Here’s Apple’s background and summary of the invention: “Computers, such as personal computers, often include one or more input devices, such as a keyboard and a mouse, that allow a user to control the computer. More sophisticated input devices include voice-recognition input systems and ‘pen’ or stylus based input systems. With pen-based input systems, the user relies on his or her own handwriting or drawing to control or operate the computer.
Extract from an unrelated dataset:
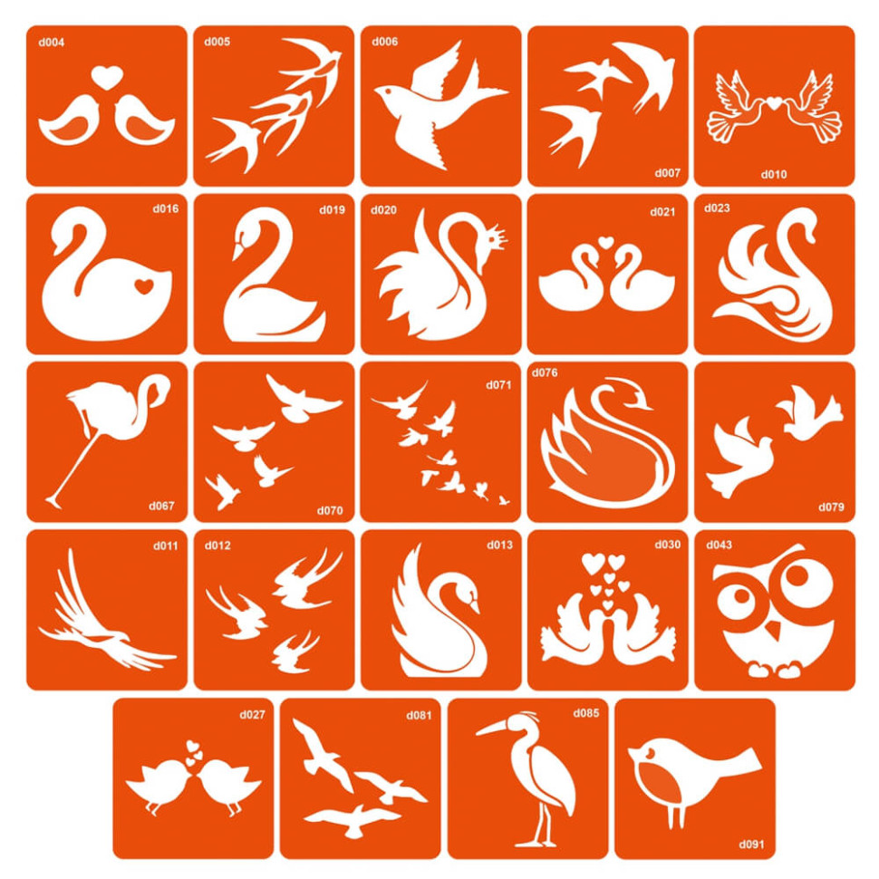 Колекція простих трафаретів птахів, 24 штуки в розмірі 6 на 6 см.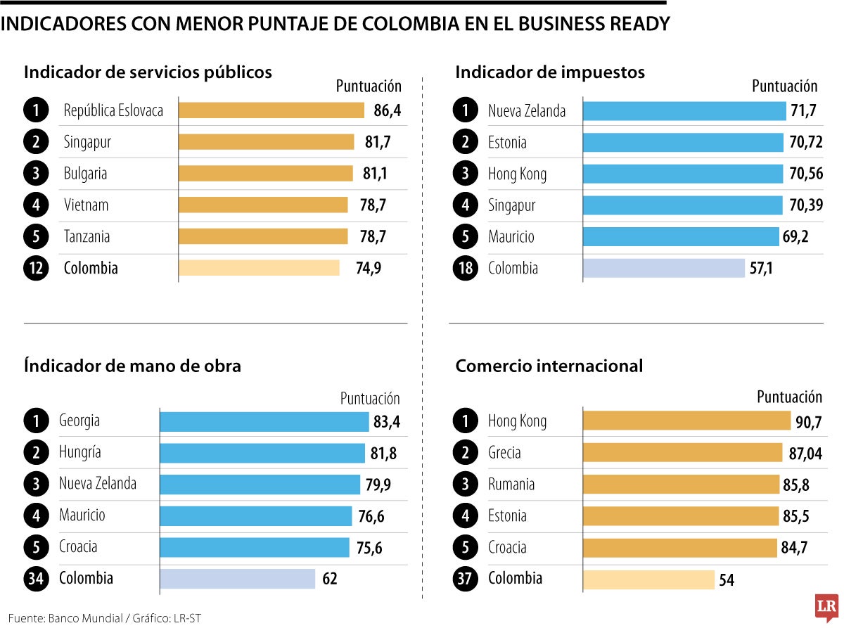 De la decena de indicadores que componen el informe del Business Ready 2024, hubo cuatro en los que Colombia no logró clasificarse entre los 10 primeros países (sobre 50); por el contrario estuvo fuera de esas casillas con puntaje aceptable o regular (si se compara con las otras 49 economías estudiadas).

These input systems typically include a hardware device called a ‘tablet’ that is connected to the serial port of the computer. The tablet may include an integrated display screen so that the tablet can serve as both an input and an output device. When operating as an input device, the tablet senses the position of the tip of the pen as it moves across the tablet surface and provides this information to the computer’s central processing unit. To provide the user with visual feedback as the pen moves, the computer typically displays ‘ink’ (i.e., a path of pixels tracing the pen’s movement) simulating the ink dropped by a real pen. If the tablet has an integrated display screen, this electronic ink is typically drawn directly beneath the tip of the moving pen. For an opaque, input-only tablet, the ink is typically drawn on a normal computer screen to which the tablet has been ‘mapped.’Whether integrated with the tablet or not, the screen typically displays standard computer-generated information, such as text, images, icons and so forth.
“In addition to the tablet, pen-based computers also have a software pen driver that interfaces with the tablet and periodically samples the position of the pen, e.g., 100 times a second. The pen driver passes this ink data to an ink manager that organizes it and coordinates the recognition process. Specifically, the ink manager organizes the ink data into ink strokes, which are defined as the ink data collected until the pen is lifted from the tablet. The ink manager passes the ink strokes to a recognizer that employs various tools, such as neural networks, vocabularies, grammars, etc., to translate the ink strokes into alpha-numeric characters, symbols or shapes. The recognizer may generate several hypotheses of what the ink strokes might be, and each hypothesis may have a corresponding probability. The hypotheses are then provided to an application program which may treat the recognized ink data as an input event.
“With Pen Services for Windows 95 from Microsoft Corporation, ink strokes are organized into pen input sessions. See Programmer’s Guide to Pen Services for Microsoft Windows 95 (1995 Microsoft Press). A pen input session begins as soon as the user touches the pen to the tablet and ends when the user taps the pen outside of the writing area (e.g., tapping an OK button) or a brief period of inactivity elapses. A new session begins when the user resumes writing. All of the ink strokes corresponding to a given pen input session are accumulated into a single pen data object. An application program associated with the pen input session can basically choose one of two modes of operation.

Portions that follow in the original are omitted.